**Information supplied**:

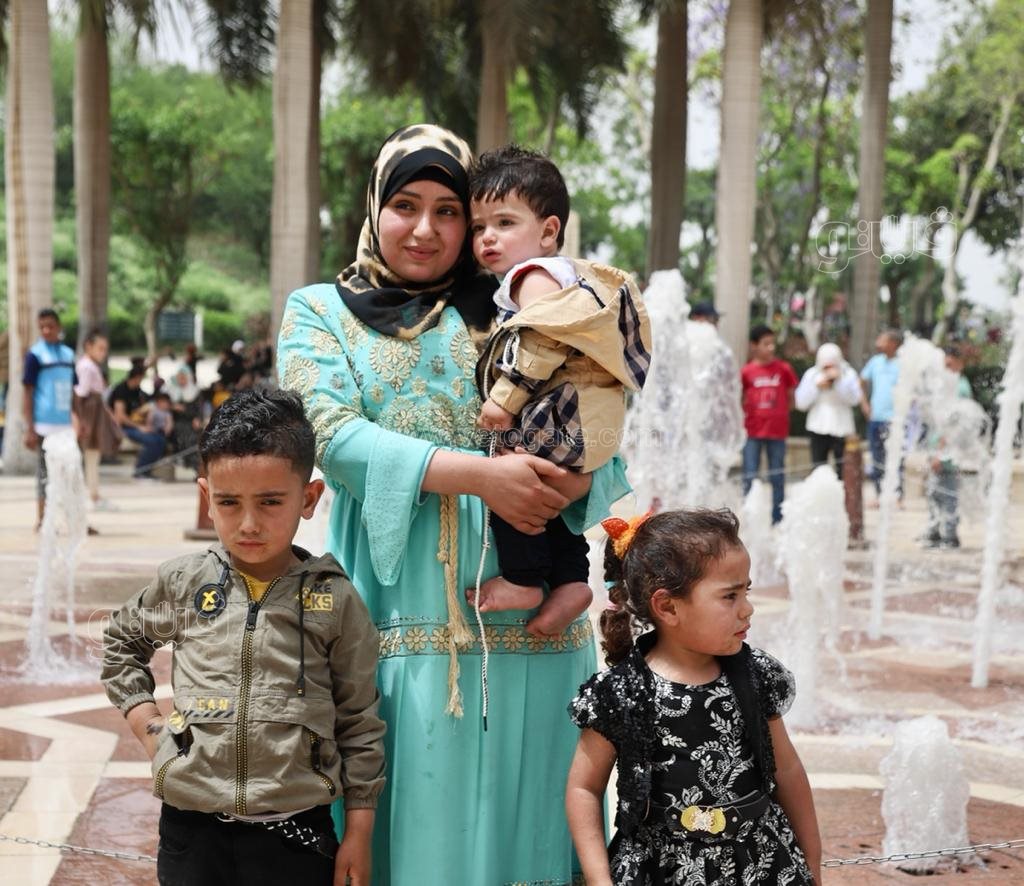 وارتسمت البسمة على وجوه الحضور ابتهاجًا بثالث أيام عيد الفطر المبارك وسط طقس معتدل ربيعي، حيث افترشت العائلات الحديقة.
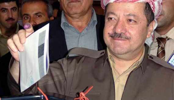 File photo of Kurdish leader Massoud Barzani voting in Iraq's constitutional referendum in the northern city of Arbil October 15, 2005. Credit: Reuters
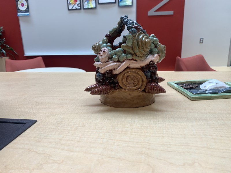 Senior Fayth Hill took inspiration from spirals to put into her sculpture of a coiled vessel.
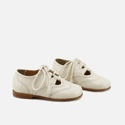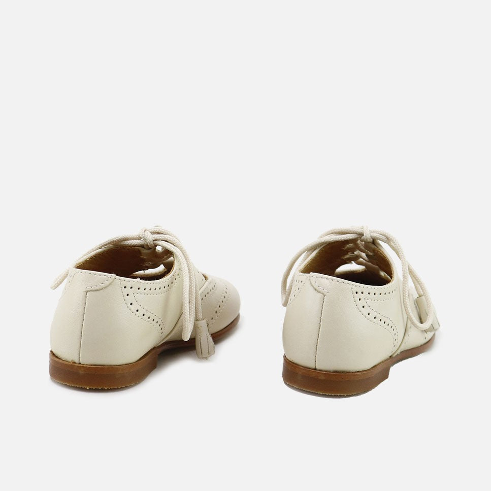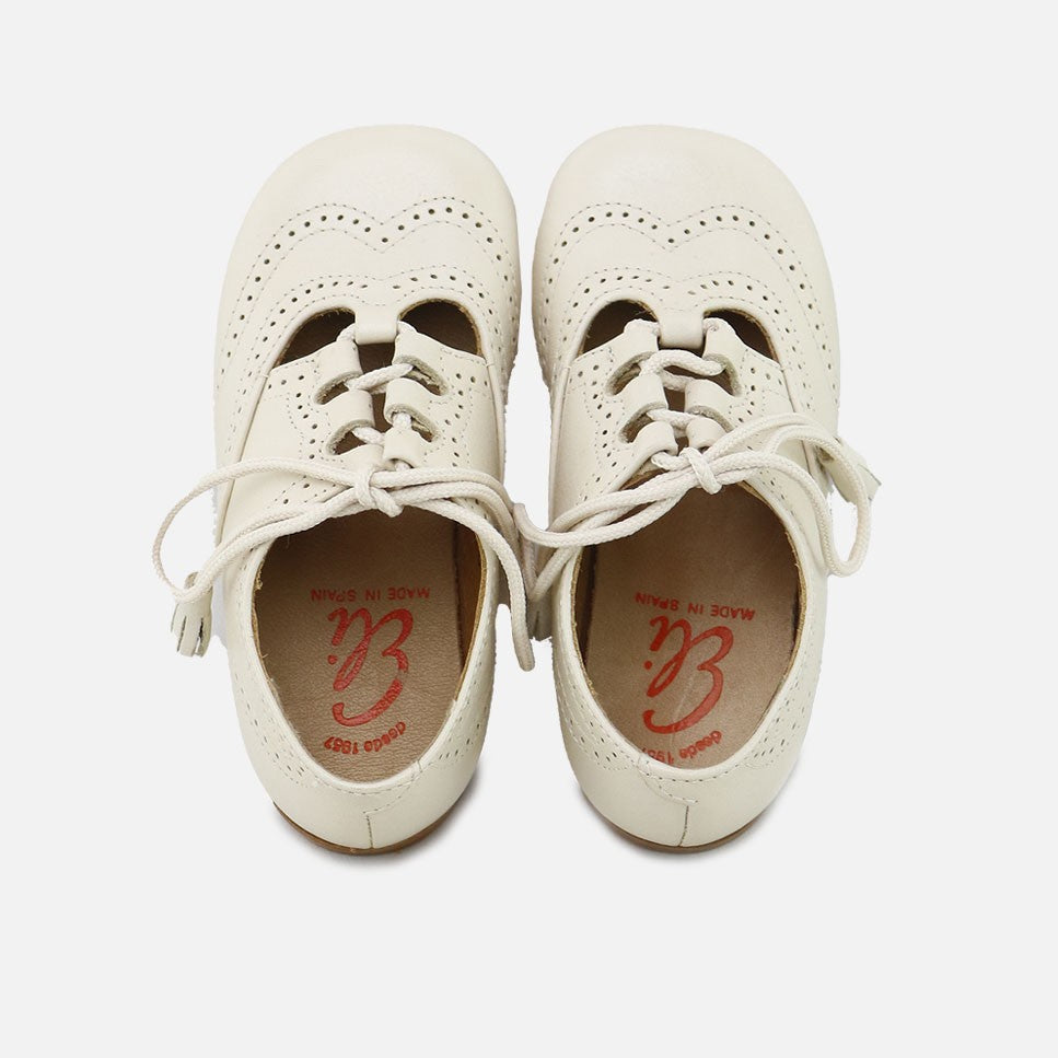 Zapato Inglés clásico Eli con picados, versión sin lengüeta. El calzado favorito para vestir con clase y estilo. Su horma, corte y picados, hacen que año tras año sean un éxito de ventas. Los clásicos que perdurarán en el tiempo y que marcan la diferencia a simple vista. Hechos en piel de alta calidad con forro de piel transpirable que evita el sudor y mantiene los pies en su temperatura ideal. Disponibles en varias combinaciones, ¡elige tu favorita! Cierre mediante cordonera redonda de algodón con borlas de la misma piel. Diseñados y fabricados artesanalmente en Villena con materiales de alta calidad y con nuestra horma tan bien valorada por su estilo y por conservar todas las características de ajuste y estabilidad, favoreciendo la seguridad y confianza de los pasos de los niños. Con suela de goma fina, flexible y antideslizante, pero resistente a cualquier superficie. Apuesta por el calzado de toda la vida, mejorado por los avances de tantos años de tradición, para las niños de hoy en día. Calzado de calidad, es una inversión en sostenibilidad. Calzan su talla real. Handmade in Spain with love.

**Work to be completed**: When you write out the material, keep every line exact and leave out each picture.

**Problem solution**:
 وارتسمت البسمة على وجوه الحضور ابتهاجًا بثالث أيام عيد الفطر المبارك وسط طقس معتدل ربيعي، حيث افترشت العائلات الحديقة.
 File photo of Kurdish leader Massoud Barzani voting in Iraq's constitutional referendum in the northern city of Arbil October 15, 2005. Credit: Reuters
 Senior Fayth Hill took inspiration from spirals to put into her sculpture of a coiled vessel.
 Zapato Inglés clásico Eli con picados, versión sin lengüeta. El calzado favorito para vestir con clase y estilo. Su horma, corte y picados, hacen que año tras año sean un éxito de ventas. Los clásicos que perdurarán en el tiempo y que marcan la diferencia a simple vista. Hechos en piel de alta calidad con forro de piel transpirable que evita el sudor y mantiene los pies en su temperatura ideal. Disponibles en varias combinaciones, ¡elige tu favorita! Cierre mediante cordonera redonda de algodón con borlas de la misma piel. Diseñados y fabricados artesanalmente en Villena con materiales de alta calidad y con nuestra horma tan bien valorada por su estilo y por conservar todas las características de ajuste y estabilidad, favoreciendo la seguridad y confianza de los pasos de los niños. Con suela de goma fina, flexible y antideslizante, pero resistente a cualquier superficie. Apuesta por el calzado de toda la vida, mejorado por los avances de tantos años de tradición, para las niños de hoy en día. Calzado de calidad, es una inversión en sostenibilidad. Calzan su talla real. Handmade in Spain with love.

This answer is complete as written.